Re: [Linaro-mm-sig] [PATCH v3 1/2] habanalabs: define uAPI to export FD for DMA-BUF

From: Oded Gabbay
Date: Tue Jun 22 2021 - 11:25:04 EST


On Tue, Jun 22, 2021 at 6:11 PM Jason Gunthorpe <jgg@xxxxxxxx> wrote:
>
> On Tue, Jun 22, 2021 at 04:12:26PM +0300, Oded Gabbay wrote:
>
> > > 1) Setting sg_page to NULL
> > > 2) 'mapping' pages for P2P DMA without going through the iommu
> > > 3) Allowing P2P DMA without using the p2p dma API to validate that it
> > > can work at all in the first place.
> > >
> > > All of these result in functional bugs in certain system
> > > configurations.
> > >
> > > Jason
> >
> > Hi Jason,
> > Thanks for the feedback.
> > Regarding point 1, why is that a problem if we disable the option to
> > mmap the dma-buf from user-space ?
>
> Userspace has nothing to do with needing struct pages or not
>
> Point 1 and 2 mostly go together, you supporting the iommu is not nice
> if you dont have struct pages.
>
> You should study Logan's patches I pointed you at as they are solving
> exactly this problem.
Yes, I do need to study them. I agree with you here. It appears I have
a hole in my understanding.
I'm missing the connection between iommu support (which I must have of
course) and struct pages.

>
> > In addition, I didn't see any problem with sg_page being NULL in the
> > RDMA p2p dma-buf code.

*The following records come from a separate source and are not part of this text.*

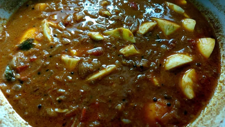 ഒരു .പാനിൽ എണ്ണ ചൂടാക്കി കടുകു പൊട്ടിക്കുക അരിഞ്ഞ ഉരുളക്കിഴങ്ങും ഉള്ളിയും പച്ചമുളകും അൽപ്പം മഞ്ഞൾപ്പൊടി ചേർത്ത് വഴറ്റുക . ശേഷം തക്കാളി ചേർക്കാം ഇതിലേക്ക് ഉപ്പും ചേർത്ത് അടച്ചു മൂടി വേവിക്കുക ഇനി തയ്യാറാക്കി വെച്ചിരിക്കുന്ന അരപ്പുംമുട്ടയും ചേർത്ത് നന്നായിളക്കി 10 മിനിട്ടു അടച്ചു വേവിച്ചു ശേഷം ഗ്രേവി ഒന്ന് കുറുകുമ്പോൾ കറിവേപ്പില ചേർത്ത് വാങ്ങാം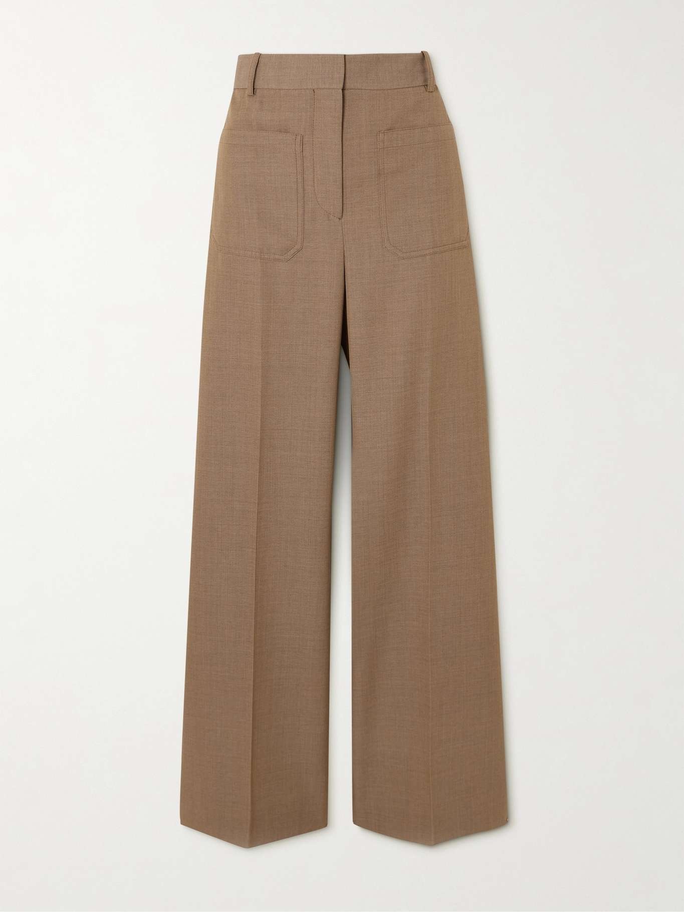 EDITORS'NOTES Victoria Beckham's tailored pants are reminiscent of popular styles from the '70s. They're made from wool and have wide legs detailed with patch pockets. Style yours with a shirt tucked into the high-rise waist. SIZE & FIT Model measurements: - Fits true to size, take your normal size - High-rise, intended for a wide-leg fit - Mid-weight, non-stretchy fabric - Model is 180cm/ 5'11" and is wearing a UK 8 - Bust: 81cm/ 32” - Waist: 65cm/ 25.5” - Hip: 90cm/ 35.5” DETAILS & CARE - Light-brown wool - Concealed button, hook and zip fastening at front - 100% wool; lining: 70% cotton, 30% polyamide - Dry clean - Designer color: Tobacco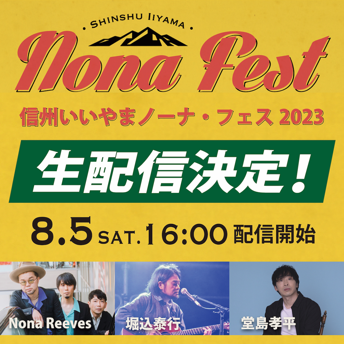 2019年から始まった『信州いいやまノーナ・フェス』は、NONA REEVESと彼らにゆかりのあるアーティストのLIVEとともに自然豊かな飯山市の魅力を発信する地元密着型の音楽フェス。4年ぶりの現地開催となるノーナ・フェスのライブの模様を余すところなく生配信する。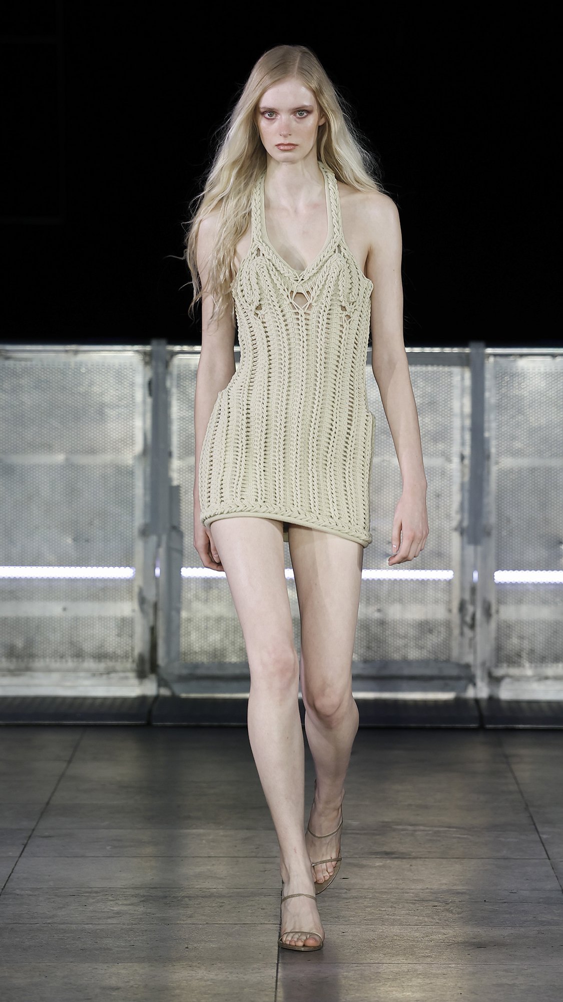 Underground in Dalston’s EartH Hall, an electronic baseline begins. Mark Fast, a designer renowned for his luxury, form-fitting knitwear, returns to London Fashion Week with a collection that imbues the pulsing energy of the club scene with the elemental power of the coastline.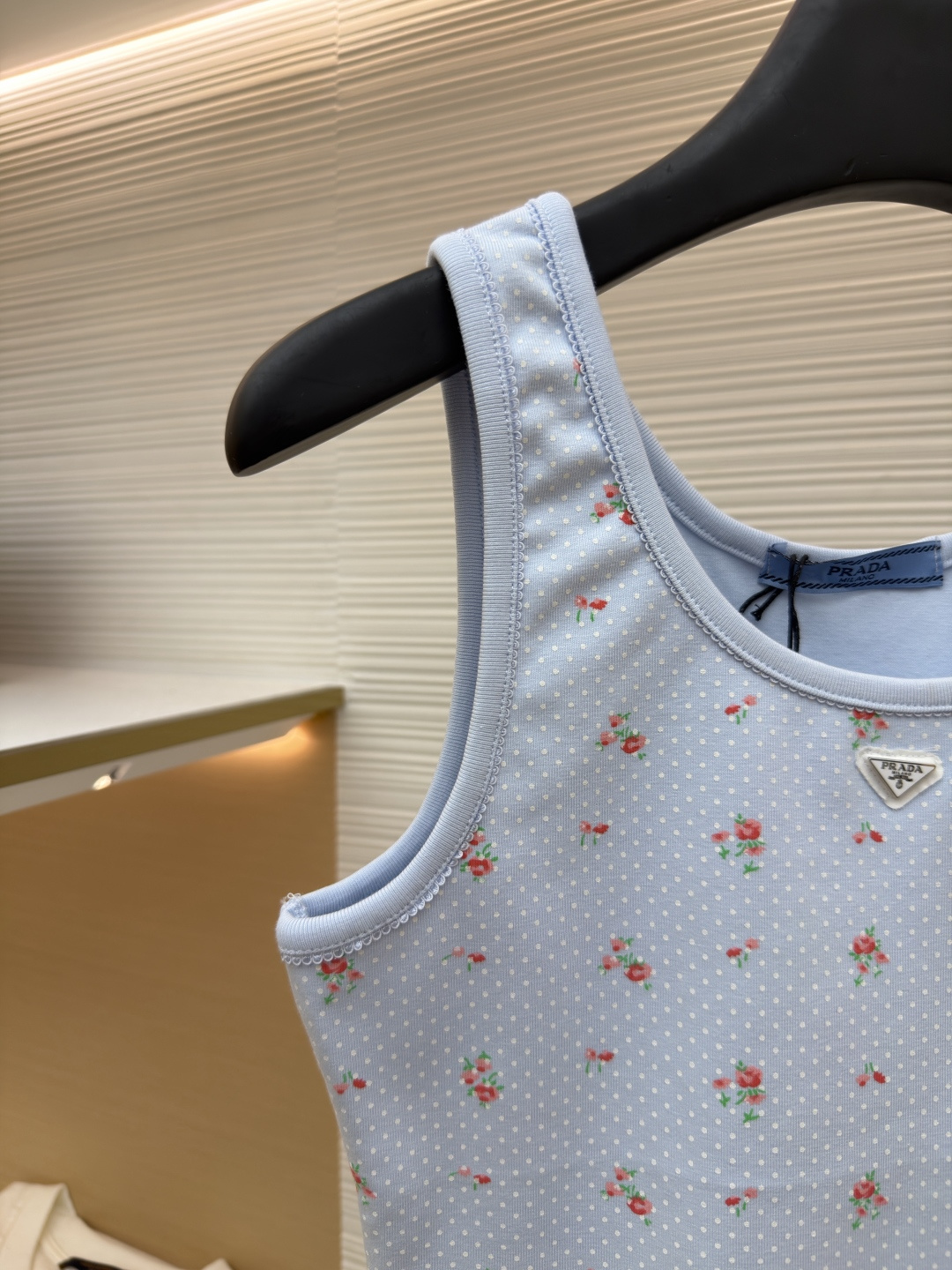 这款衣服是AAAAA 1:1 质量 (非常棒). 使用了和原版一模一样的材料. 商标部分也保持了和普拉达/Prada一样. 图片拍摄是实物衣服拍摄, 您所收到的实物保证和我们图片一模一样.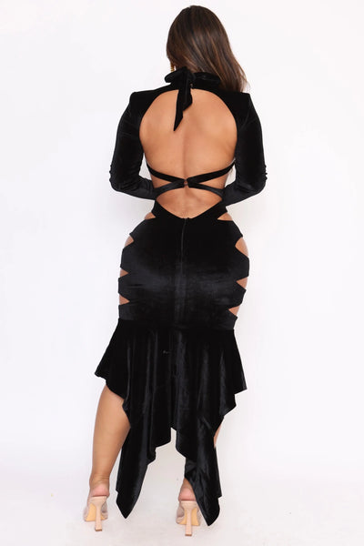 Step into sophistication with Ceremony — a velvet midi dress that defines elegance with a daring twist. This body-hugging silhouette features long padded sleeves, sensual side cut-outs, and a fully open back that ties at the mock neck for a dramatic, unforgettable finish. Perfect for upscale events, birthdays, or red carpet moments, this look is refined, polished, and undeniably bold.

Did I miss something here ?
>
> No, the design of the dmabuf requires the exporter to do the dma maps
> and so it is only the exporter that is wrong to omit all the iommu and
> p2p logic.
>
> RDMA is OK today only because nobody has implemented dma buf support
> in rxe/si - mainly because the only implementations of exporters don't
Can you please educate me, what is rxe/si ?

> set the struct page and are thus buggy.

ok...
so how come that patch-set was merged into 5.12 if it's buggy ?
Because the current exporters are buggy ? I probably need a history
lesson here.
But I understand why you think it's a bad idea to add a new buggy exporter.

>
> > I will take two GAUDI devices and use one as an exporter and one as an
> > importer. I want to see that the solution works end-to-end, with real
> > device DMA from importer to exporter.
>
> I can tell you it doesn't. Stuffing physical addresses directly into
> the sg list doesn't involve any of the IOMMU code so any configuration
> that requires IOMMU page table setup will not work.
>
> Jason

Yes, that's what I expect to see. But I want to see it with my own
eyes and then figure out how to solve this.
Maybe the result will be going to Logan's path, maybe something else,
but I need to start by seeing the failure in a real system.

Thanks for the information, it is really helpful.

Oded